L’ambition mondiale de Macky Sall vient de se heurter au mur du panafricanisme de salon. Alors que l’ancien président sénégalais lorgnait le prestigieux fauteuil de Secrétaire général des Nations unies pour succéder à António Guterres, l’Union africaine (UA) a douché ses espoirs dans une note verbale aussi sèche qu’authentifiée. Selon des sources proches de la Commission de l’UA, le projet de décision visant à soutenir sa candidature a été rejeté après l’opposition formelle de 20 États membres. Pour l’ex-locataire du palais de l’avenue Roume, ce désaveu continental sonne comme une fin de non-recevoir brutale, révélant les fractures persistantes au sein d’une organisation où le consensus est souvent une façade fragile.

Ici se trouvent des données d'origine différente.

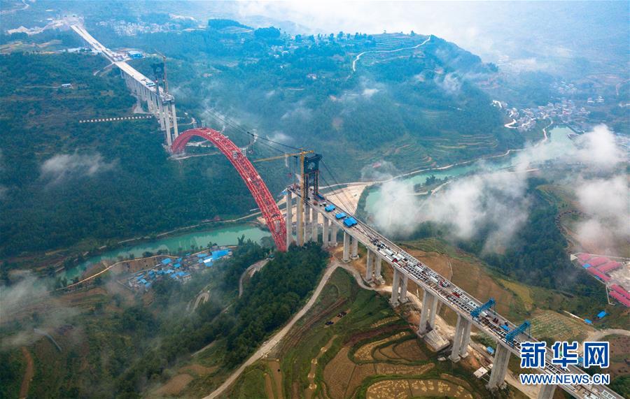 9月28日拍攝的川藏鐵路拉林段重點(diǎn)標(biāo)志性工程藏木特大橋。 當(dāng)日,隨著最后一節(jié)鋼管拱的對(duì)位和鎖定完畢,川藏鐵路拉林段藏木特大橋成功合龍,標(biāo)志著大橋主體結(jié)構(gòu)施工取得了關(guān)鍵性勝利。藏木特大橋由中國(guó)中鐵廣州局集團(tuán)承建,拱高112米,橋橫跨雅魯藏布江峽谷,水深66米。 新華社記者普布扎西攝
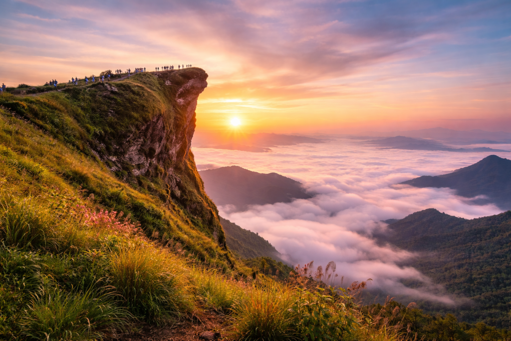 จุดเด่น ทะเลหมอก พระอาทิตย์ขึ้น สันหน้าผาชายแดน และวิวภูเขาซ้อนชั้น
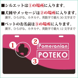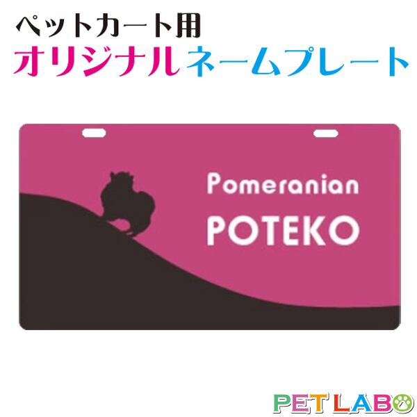ペットカート・ペットバギーに取り付けることができる、軽くて丈夫な樹脂製プレートに耐水性UVプリントをしたカート用ネームプレートです。

La chute est d’autant plus rude que la procédure de « l’approbation tacite », censée faciliter l’adoption du soutien, s’est retournée contre lui. Portée par le Burundi d’Évariste Ndayishimiye, la candidature n’a pas survécu au seuil fatidique des objections : il suffisait qu’un tiers des 55 pays membres dise « non » pour faire dérailler la machine. Si l’anonymat des frondeurs est pour l’instant préservé, ce blocage massif souligne une perte d’influence notable de l’ancien chef d’État sur l’échiquier diplomatique africain. « Le projet n’a pas été adopté », tranche laconiquement l’organisation, laissant Macky Sall sans l’indispensable onction de son propre continent pour la bataille de New York.Au-delà de la personne de Macky Sall, c’est la stratégie africaine pour 2027 qui est remise en question. Alors que le poste de Secrétaire général de l’ONU est théoriquement promis à l’Amérique latine selon une rotation géographique coutumière, de nombreuses voix s’élèvent pour réclamer, enfin, une femme à la tête de l’organisation internationale. Face à des poids lourds comme la Chilienne Michelle Bachelet ou la Costaricienne Rebeca Grynspan, la candidature de l’ancien président sénégalais paraissait déjà audacieuse. En manquant de fédérer sa propre base, il laisse le champ libre à ses concurrents sud-américains, tout en exposant les rancÅ“urs tenaces que sa gestion de la fin de mandat au Sénégal a pu laisser chez certains de ses pairs.
Le calendrier onusien, qui prévoit une prise de fonction au 1er janvier 2027, impose désormais une redistribution des cartes. Sans le bloc de l’UA derrière lui, le chemin vers le 38e étage du United Nations Plaza devient un mirage pour le Sénégalais. Ce revers pose également la question de la solidarité africaine face aux enjeux globaux : l’Afrique a-t-elle raté une occasion de peser ou s’est-elle simplement épargnée une candidature clivante ? Entre les accusations d’ingérence et les calculs géopolitiques, le rêve international de Macky Sall s’étiole, rappelant que dans les couloirs d’Addis-Abeba, le respect se gagne parfois plus difficilement que les élections.